§ **DATA BELOW**:
╭──

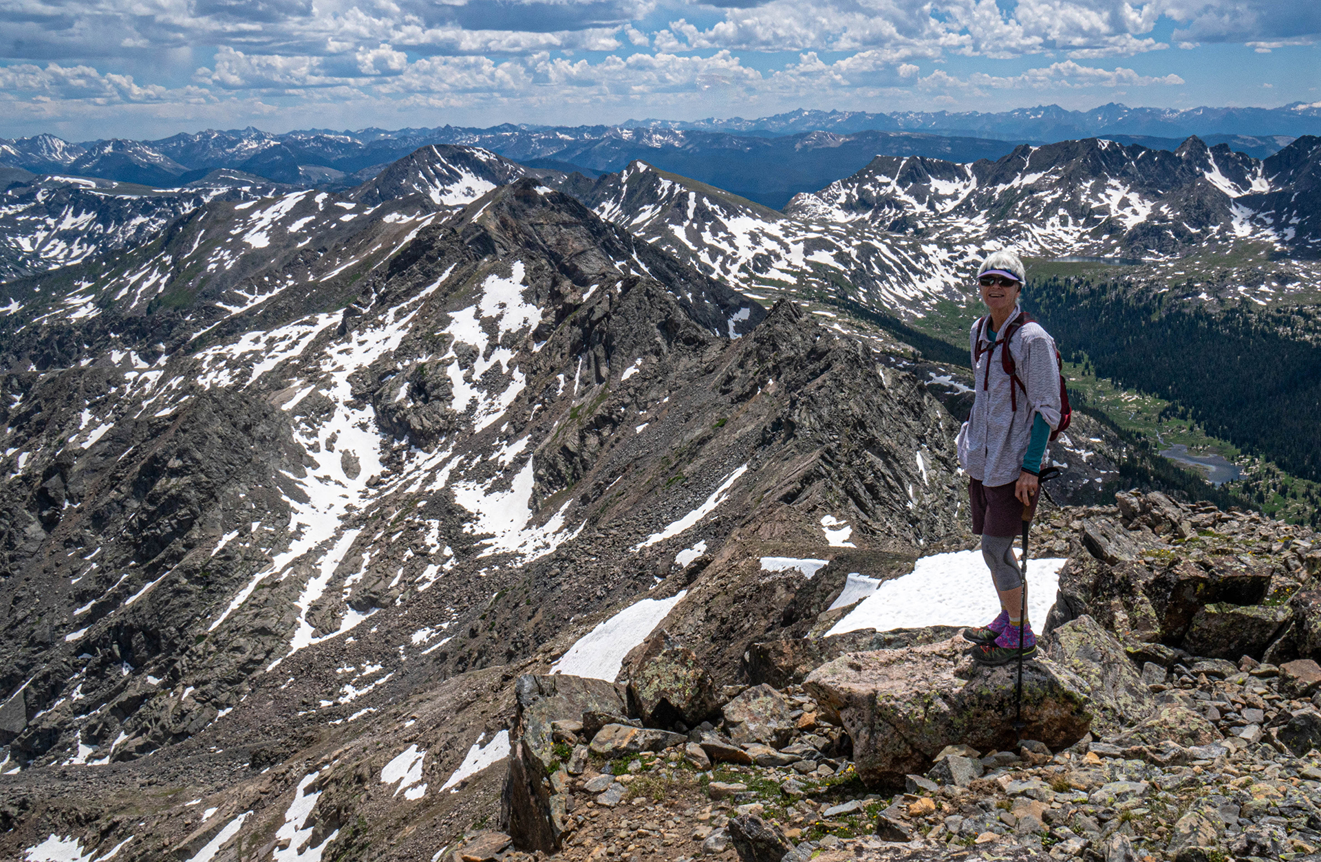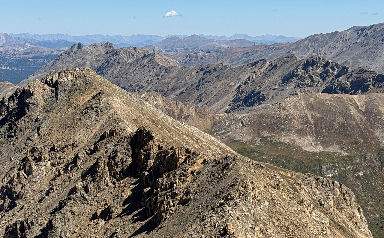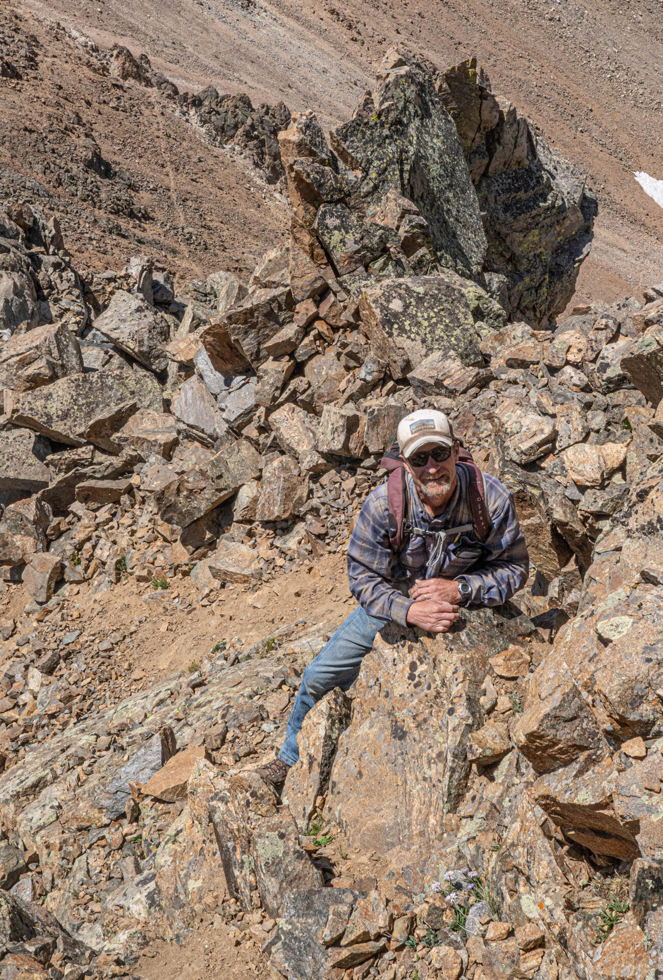 This summer had a lot of superb mountain hiking: Mt. Yale by east ridge, Bull Hill, Ouray and Star, Deer Mountain and Peak 13738, Twining, Seven Sisters Ridge, the Seldom Pass circumnavigation of West Deming, Tuhare Lakes, Gemini, Falcon Ridge on Wichita (twice), Igloo (via 4th class south ridge) and, perhaps the most noteworthy, a climb of the rugged ridge from Sheep Rock Mountain to Virginia and Winfield Peaks.
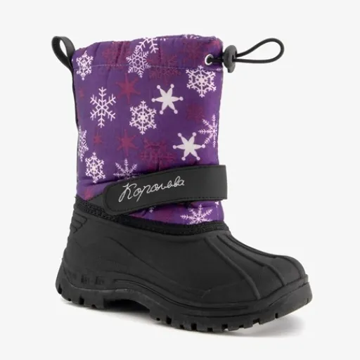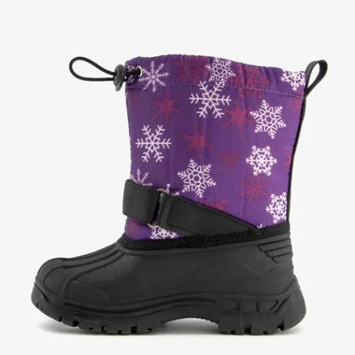 Paarse snowboots voor kids uit de Scapino collectie. De buitenkant is gemaakt van nylon. Het binnenwerk is gemaakt van teddystof en de snowboots hebben een stevige profielzool. De aansnoerkoordjes en klittenbandsluiting zorgen voor een extra stevige, aansluitende pasvorm. De snowboots hebben een leuke print van ijssterretjes op het bovenwerk. Voorzien van een warme binnenvoering van teddy stof voor warme voeten.¶¶
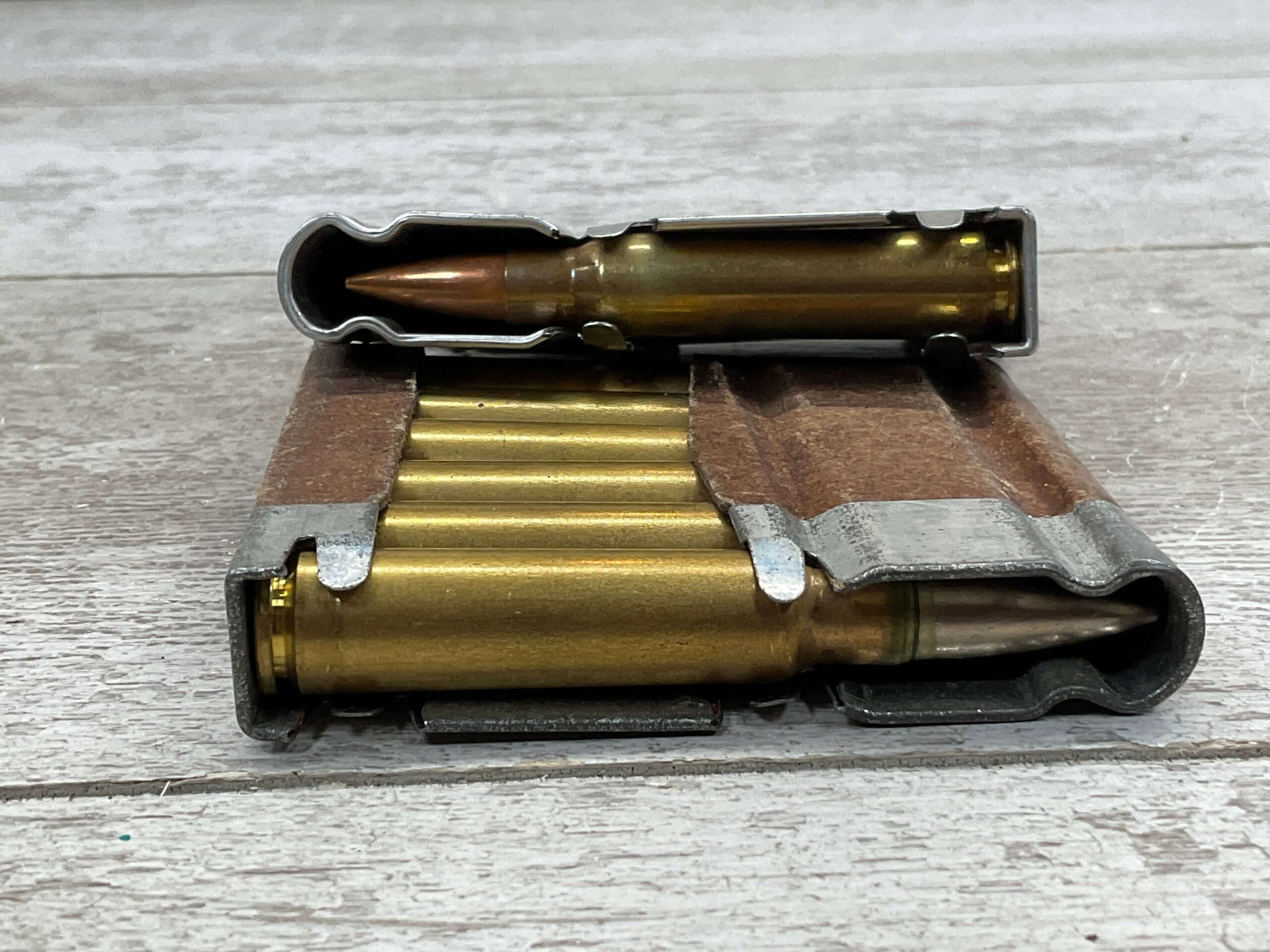 SCHMIDT RUBIN K31, K11 7.5X55 STRIPPER CLIP W/ 6 ROUNDS, EXC CONDITION W/ 6 ROUNDS OF 7.5X55 AMMO

╰──

Line by line, write out the data above exactly, without the pictures.

 This summer had a lot of superb mountain hiking: Mt. Yale by east ridge, Bull Hill, Ouray and Star, Deer Mountain and Peak 13738, Twining, Seven Sisters Ridge, the Seldom Pass circumnavigation of West Deming, Tuhare Lakes, Gemini, Falcon Ridge on Wichita (twice), Igloo (via 4th class south ridge) and, perhaps the most noteworthy, a climb of the rugged ridge from Sheep Rock Mountain to Virginia and Winfield Peaks.
 Paarse snowboots voor kids uit de Scapino collectie. De buitenkant is gemaakt van nylon. Het binnenwerk is gemaakt van teddystof en de snowboots hebben een stevige profielzool. De aansnoerkoordjes en klittenbandsluiting zorgen voor een extra stevige, aansluitende pasvorm. De snowboots hebben een leuke print van ijssterretjes op het bovenwerk. Voorzien van een warme binnenvoering van teddy stof voor warme voeten.¶¶
 SCHMIDT RUBIN K31, K11 7.5X55 STRIPPER CLIP W/ 6 ROUNDS, EXC CONDITION W/ 6 ROUNDS OF 7.5X55 AMMO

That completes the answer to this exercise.